Now the room was full of men pounding their cudgels on the floor, singing their wild rough song. Only an aisle remained, stretching from throne to door, and down it came six more boys with crowns of twigs and red-tattooed foreheads. Three beat drums and three played string instruments that sounded like cats being strangled. Behind them walked more men, two abreast, with short capes made of gray feathers. These wore their knives in elaborately beaded belts, with more beads braided into their long hair. The musicians—if you could call them that—joined the singer beside the queen’s courtiers, and the warrior captains parted to join their men. The singing grew in intensity, the cat-strangling lutes were plucked faster, the cudgels beat in double time on the stone.

Ay-la ay-la mechel ah!

Ay-la ay-la mechel ah!

Sol-ek see-ma taryn ah!

Ay-la ay-la mechel ah!

A single figure appeared in the doorway and walked toward the throne. As he advanced, the warriors fell to one knee before him, as they had not knelt to the queen. Lord Robert’s face darkened and his hand moved toward his sword. The chieftain was huge, a giant with sun-leathered skin and dark hair going gray, his braids twined with beads. His cape was made of feathers of every possible bird, of all possible colors. At the exact moment that the chieftain reached the dais, all noise stopped.

He gazed at the queen and went down on one knee. But he did not bow his head, and his gaze met hers with a proud vitality. He had the bluest eyes I had ever seen, as if pieces of sky had been beaded into his head. I couldn’t look away from that fierce blue, and for a long moment, neither could she. Whole rivers flowed between them.

Then he had risen and was saying something in his guttural language. A man stepped from behind the throne. I recognized him: the small, sour-faced man in black velvet that had come to the queen all those weeks ago. He was no less sour-faced now.

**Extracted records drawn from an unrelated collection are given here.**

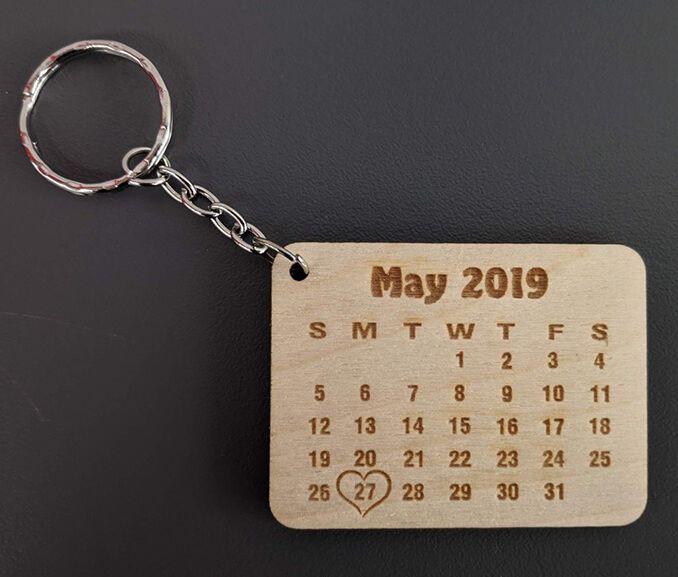 Ключодържателят е изработен от шперплат с дебелина 3мм. Датата от месеца определяте вие. Моля, попълнете я в "Персонализиране на продукта" по-долу.
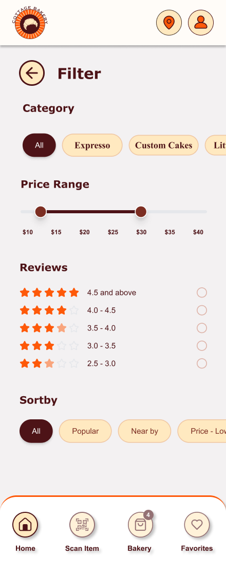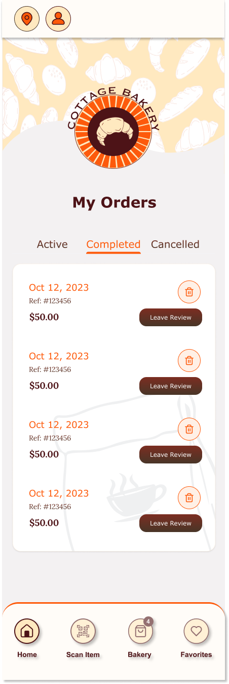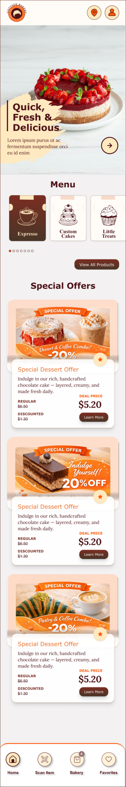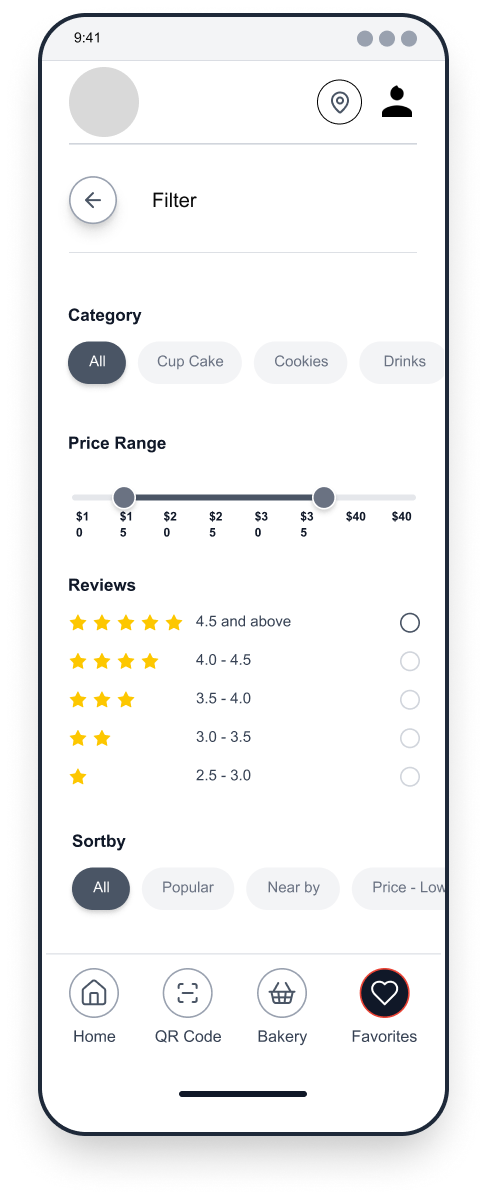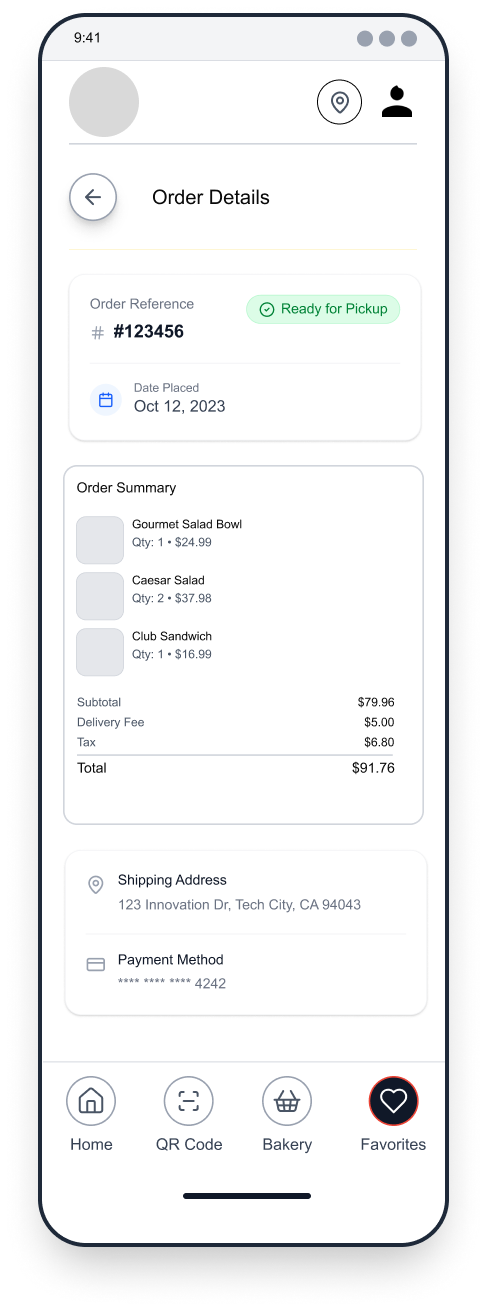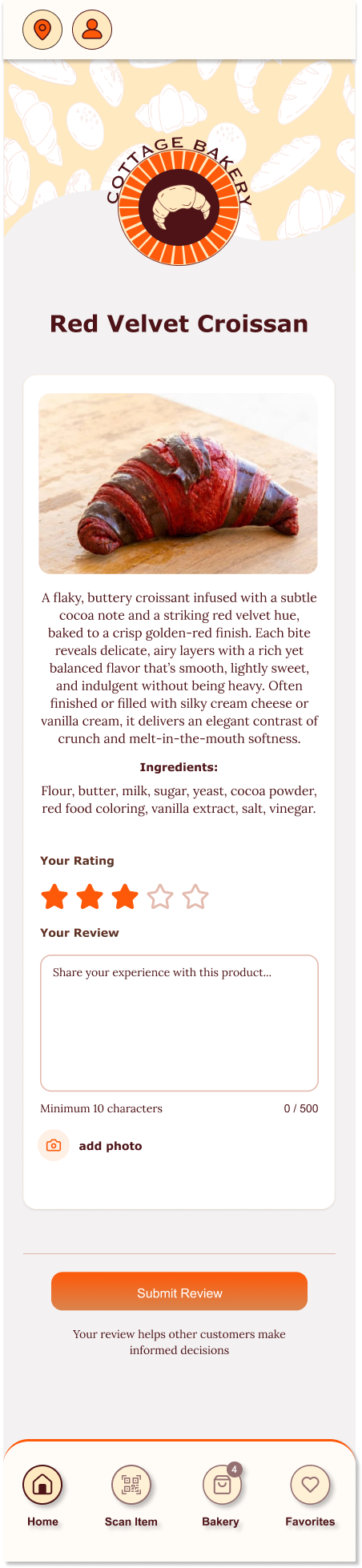 To reduce congestion and improve service flow, the app would allow customers to place advanced takeout orders, select pickup times, and avoid long wait periods inside the bakery. Integrated stock management features would notify users when certain items are sold out, helping set accurate expectations and preventing disappointment.
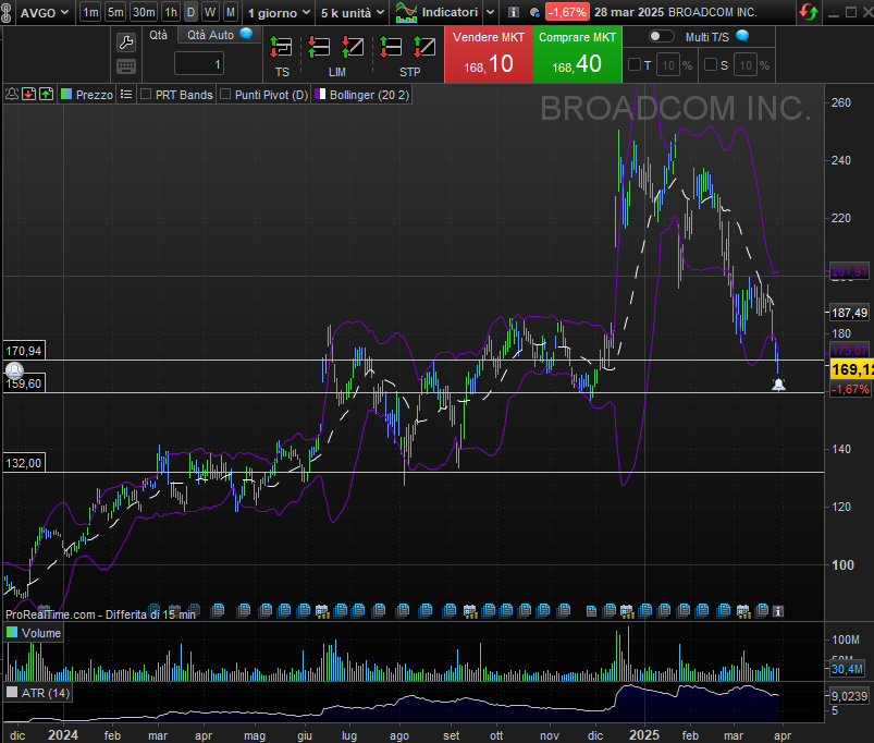 Broadcom (AVGO), citata uno dei termometri del settore tech, è osservata speciale: i 160$ sono un livello di switch tra rimbalzo tecnico e caduta libera verso i 132$. Consiglio: stop loss obbligatori, e non fidarsi del solito "buy the dip".
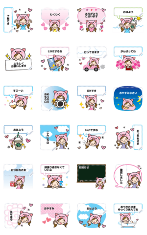 ブタさんのかぶり物した大人かわいい女子のメッセージスタンプが登場♡自由に言葉を入れて使ってみてください♪KEN graphic 現在この商品は一部のスマートフォン版LINE 10.3.0以上のトークルームでのみ使用できます。動作環境の最新情報はヘルプをご確認ください。KEN グラフィック より発売
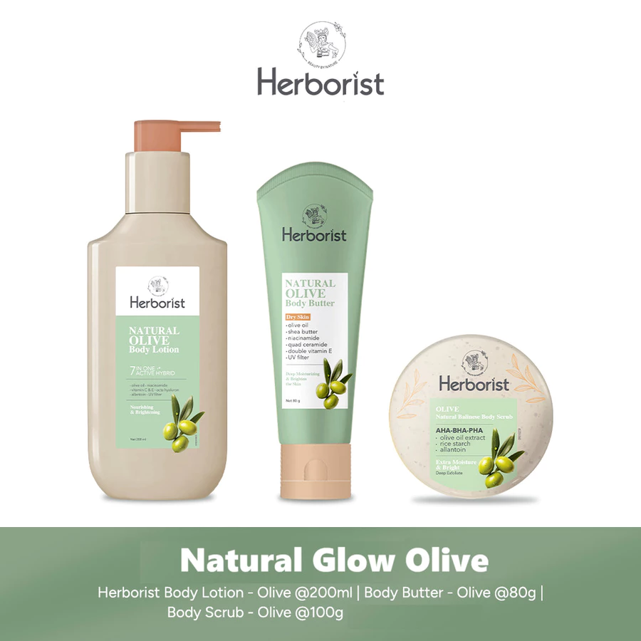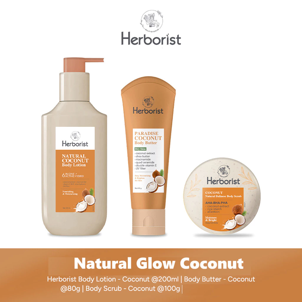 HERBORIST Natural Glow Bundle | Paket Body Scrub + Body Butter + Body Lotion Kulit Halus, Lembap & Cerah Alami
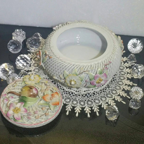 เป็นงานเชรามิกเนื้อเนียนงานของยุโรปโบราณหายากค่ะดอกไม้ครบไม่มีแตกหักงานเลิศค่ะ
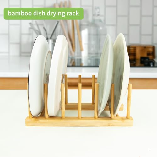 Wironoat - رفوف لتجفيف الأطباق من البامبو من ويرونوت، رفوف منظمة للأطباق توضع في الدولاب، رفوف تخزين بـ 6 فتحات - قطعة واحدة، خيزران

He knelt, rose, and said, “Your Grace, Solek, son of Taryn, comes to your court, as agreed, to offer the services of his army, for the payment agreed.”

Queen Caroline said, “Tell him he is welcome to the court of The Queendom.”

The small man translated.

She continued, “Lord Solek is—”

“They do not use that title, Your Grace,” the small man said.

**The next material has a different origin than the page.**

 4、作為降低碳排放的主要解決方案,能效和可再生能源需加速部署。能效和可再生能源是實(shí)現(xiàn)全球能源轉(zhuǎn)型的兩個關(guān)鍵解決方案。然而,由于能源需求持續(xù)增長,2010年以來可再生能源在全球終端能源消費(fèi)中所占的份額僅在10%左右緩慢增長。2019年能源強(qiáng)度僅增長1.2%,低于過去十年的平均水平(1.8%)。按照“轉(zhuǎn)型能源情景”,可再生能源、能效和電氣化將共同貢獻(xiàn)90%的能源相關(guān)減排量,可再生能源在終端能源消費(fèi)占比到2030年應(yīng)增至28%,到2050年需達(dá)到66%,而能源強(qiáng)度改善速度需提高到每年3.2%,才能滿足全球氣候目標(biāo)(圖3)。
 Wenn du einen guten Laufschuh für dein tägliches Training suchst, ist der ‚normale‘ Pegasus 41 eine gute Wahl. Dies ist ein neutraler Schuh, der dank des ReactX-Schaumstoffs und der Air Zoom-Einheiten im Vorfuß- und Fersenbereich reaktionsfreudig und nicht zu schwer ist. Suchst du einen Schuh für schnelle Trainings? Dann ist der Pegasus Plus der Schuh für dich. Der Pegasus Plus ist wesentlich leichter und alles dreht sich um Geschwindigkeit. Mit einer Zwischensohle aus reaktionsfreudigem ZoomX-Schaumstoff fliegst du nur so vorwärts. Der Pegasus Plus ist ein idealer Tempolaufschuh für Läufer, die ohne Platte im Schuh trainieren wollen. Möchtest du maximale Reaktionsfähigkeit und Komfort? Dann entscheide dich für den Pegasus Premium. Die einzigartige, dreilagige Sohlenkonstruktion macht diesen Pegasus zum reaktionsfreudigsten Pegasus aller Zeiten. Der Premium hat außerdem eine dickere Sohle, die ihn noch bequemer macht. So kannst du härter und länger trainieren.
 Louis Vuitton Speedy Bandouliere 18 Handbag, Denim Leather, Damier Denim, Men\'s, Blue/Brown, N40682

He had interrupted the queen. One never interrupted the queen. But she let it pass, her eyes still locked with the stranger’s. “He is in my queendom now, with the title I choose to give him. Tell him that I will have rooms prepared for him and his captains in the palace, but that I deeply regret we are unable to house his entire army.”

After the translation, the stranger gave a great shout of laughter, as startling in that formal room as a rampaging bear, followed by a short speech.

The translator said, “The Chieftain says that, of course, his men will camp beyond the island, and he with them.”

I thought of the villages that surrounded the island, each with its own neat cottages, its little green, its sheep and chickens and pretty girls. These savage warriors—so many of them! and perhaps even more outside—were the roughest-looking men I had ever seen. They scarcely looked like men at all, with their shaggy fur tunics, huge cudgels pounding like hoofs on the floor, feathered capes, and twig-topped helmets. And what were those metal sticks each man wore on his shoulder?

The queen said, her voice now lowered so that even I, closer than anyone except Lord Robert, had to strain to hear. “Eammons . . . is there a polite way to tell him that the village cottages—and the village women—are not available to his men?”